With a team, we do have a problem here. I did not check yet what the problem is because there should be two teams. But apart from that, this already looks pretty good.
And yeah, as I said, with more references between the artifacts, we will also gain a way better and quicker insight into what’s going on there. We will also add, in the future, references from the stack, for example so there is another object missing here, which is the world. The world is on the stack. So we can’t see it here because those are only the allocation ones and the stack is not yet an allocation, so it’s not scanned in our data structures.
So…and we need to add that. We’ve tried to add all those references in the beginning, but it was pretty overwhelming. There were, I think, around 800,000…or up to 800,000 pointers per application. And trust me, you don’t want to wait that long until they’re inserted into the database. So, we stripped it down to the bare minimum.
And yeah this is basically the current state and we also want to achieve that we get those information from kernel allocations. So, not only from the NT heap, but also from pool information or pool allocations (the small…the big allocations of the kernel). They also indicate the type.
So there is (we can take a look at that here).

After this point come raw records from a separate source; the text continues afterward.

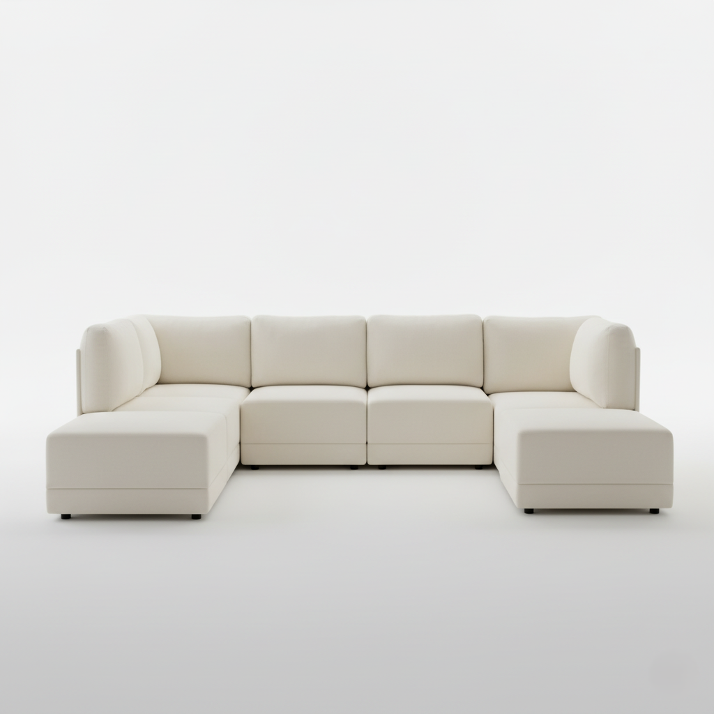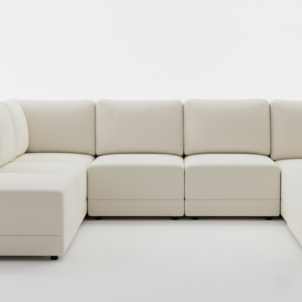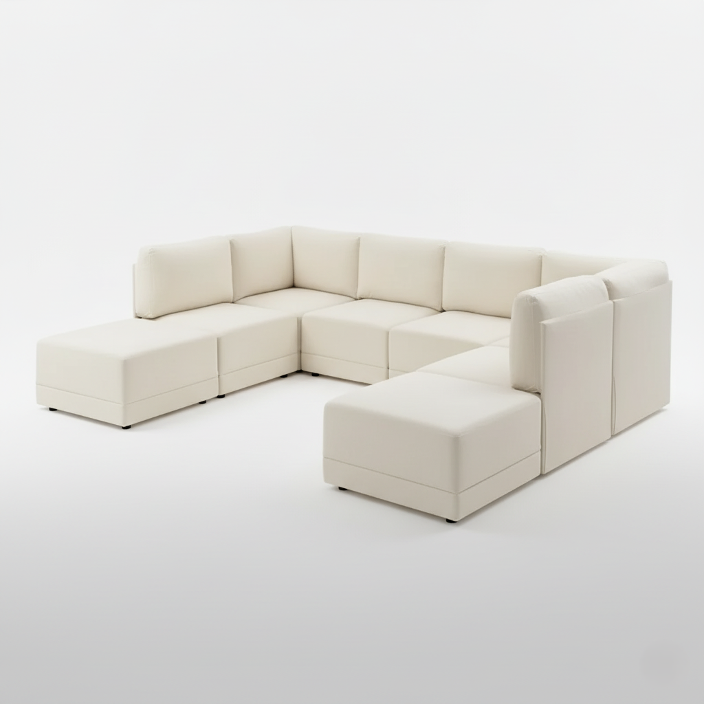 7 सीटर सोफा और चौड़ा सममित मॉड्यूलर कॉर्नर डिज़ाइन अपहोल्स्ट्री साबर लिविंग रूम के लिए आधुनिक और टिकाऊ डिज़ाइन - ऑफ व्हाइट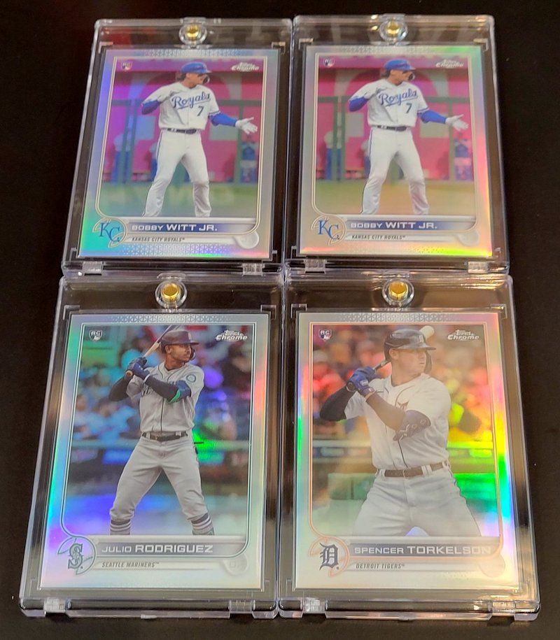 These cards will not be easy pulls within the pack as one breaker found four -- one Rodriguez, one Torkelson and two Witts -- in a total of 116 packs.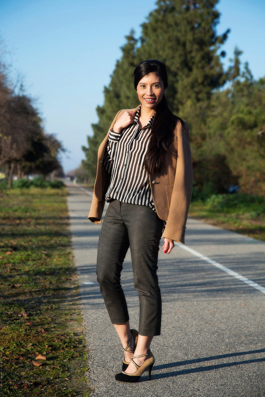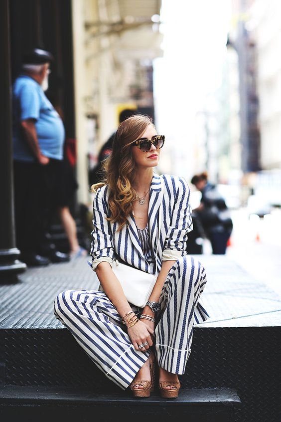 Even if you are wearing a striped shirt of the simplest cut, you can revive the image by wearing it with striped pants!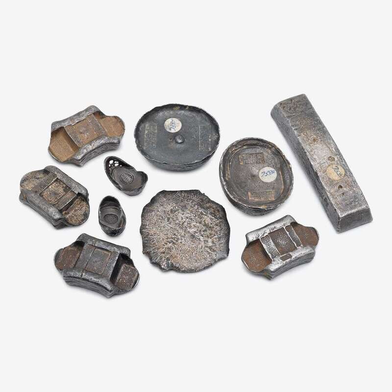 Comprising four of saddle form, two of kettledrum form, and two of snail form, each bearing various seals; together with one unmarked ingot of circular form, and one Vietnamese lang. (10).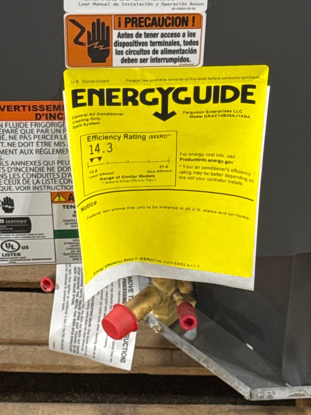 2.5 Ton Single Stage Split-System Air Conditioner, Circuit Voltage: 208-230, Hertz: 60, Phase: 1, Department of Energy Guide SEER2: 14.3, EER2: 11.7, Stage: Single, Refrigerant: R454B, Connection Size: 3/8"X3/4", Connection Type: Sweat, Factory Charge: 112 oz, Type: Air, Dimensions: 25-8/47''H x 33-33/50''W x 33-33/50''D, Weight: 151 lbs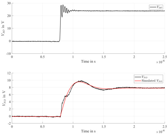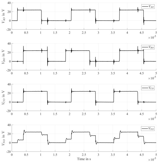 The three-phase inverter operates at a bus voltage of 24 V and is driven by means of the modified edge-aligned PWM pattern described earlier and shown in Figure 6. In Figure 12, the measured phase voltages and are shown. In this case, a duty cycle of 50% has been applied to all phases. To verify (30), the voltage has been measured during the transition of the machine from the excitation state 0 to the excitation state I, by switching the phase voltage to the inverter bus voltage and leaving and connected to ground. In fact, as shown previously, the transfer functions in (30) can be expressed as the series of an ideal transfer function representing the machine electrical behavior and a high-frequency transfer function modeling the presence of an impedance connected to the machine star-point, especially for the case of a parasitic capacitance in addition to a measuring circuit that, in this case, is given by the oscilloscope probe used for measuring . A linear transfer function with 3 poles and 1 zero (as predicted by the mathematical derivation proposed earlier) has been identified by means of a nonlinear least-squares algorithm to approximate the star-point voltage response. This procedure has retrieved an adherence between the measured and the simulated responses of 93.84%, and results are shown in Figure 13, where the voltages , , and the output of the simulated model are shown. It has to be remarked that the proposed mathematical model does not take into account the presence of eddy currents.

We have “WindowsKernelObjectType”. There are several of those types and they also have a pool tag and an index, and we can look those up in the pool tags and the pool allocation headers. So there’s also the index to the type. So, we can try to auto match an object type just by examining the pool allocations and make sense of it without knowing the data structure before.

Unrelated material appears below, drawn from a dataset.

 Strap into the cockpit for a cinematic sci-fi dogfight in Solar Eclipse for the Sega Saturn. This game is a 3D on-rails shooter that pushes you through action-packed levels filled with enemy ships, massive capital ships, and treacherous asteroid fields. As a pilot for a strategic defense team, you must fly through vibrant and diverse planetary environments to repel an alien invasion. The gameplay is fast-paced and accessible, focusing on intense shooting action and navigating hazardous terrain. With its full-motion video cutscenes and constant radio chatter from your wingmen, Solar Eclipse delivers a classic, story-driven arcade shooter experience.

So in…for a process, I mean, that’s already in the product (also in other products), but for other other types and how they are interconnected just getting that mesh of pointers visualized is what we think will really bring value into reverse engineering, not only heap data or Userland heap structures, but also kernelland heap structures.
And yeah, that’s pretty much it for now. I hope you liked it, even though it was pretty early, pretty such, and yeah. Thank you for your attention. I’m open to questions.
Session Chair: Yes. Thank you very much. So, again, I’m looking around to see if there are any questions right here. No, there aren’t. Any in the chat? No, they’re not. So, I got a question for you. So, what interests me right now is: have you used this approach, like, on any application so far to extract some forensic evidence, or is that yet to come?
Chris: Yeah, so we started taking a look at that with very basic things like Notepad, and what we were able to get is yeah, the text that is in Notepad, visible, written at the moment. And that is a pretty simple pattern to detect.
So you get an allocation that contains text (or UTF 16 encoded text), and it has one reference, and then you will only get that one single result with the actual text of Notepad at the moment. So this was the first proof of concept that we did which worked pretty well. And yeah, I think that’s also version stable from one Notepad version to the next.
And yeah, we just started with some students to work on browser artifacts. And one of the really interesting projects that I’m looking forward to is information from TOR, so that you get the routing information from the TOR memory, and also potentially the domains, the onion domains, that you are connected to at the moment.
Session Chair: Okay. Sounds like a plan. Great. Thank you very much. If there are no other questions? No, there are not. Yeah. Thank you again.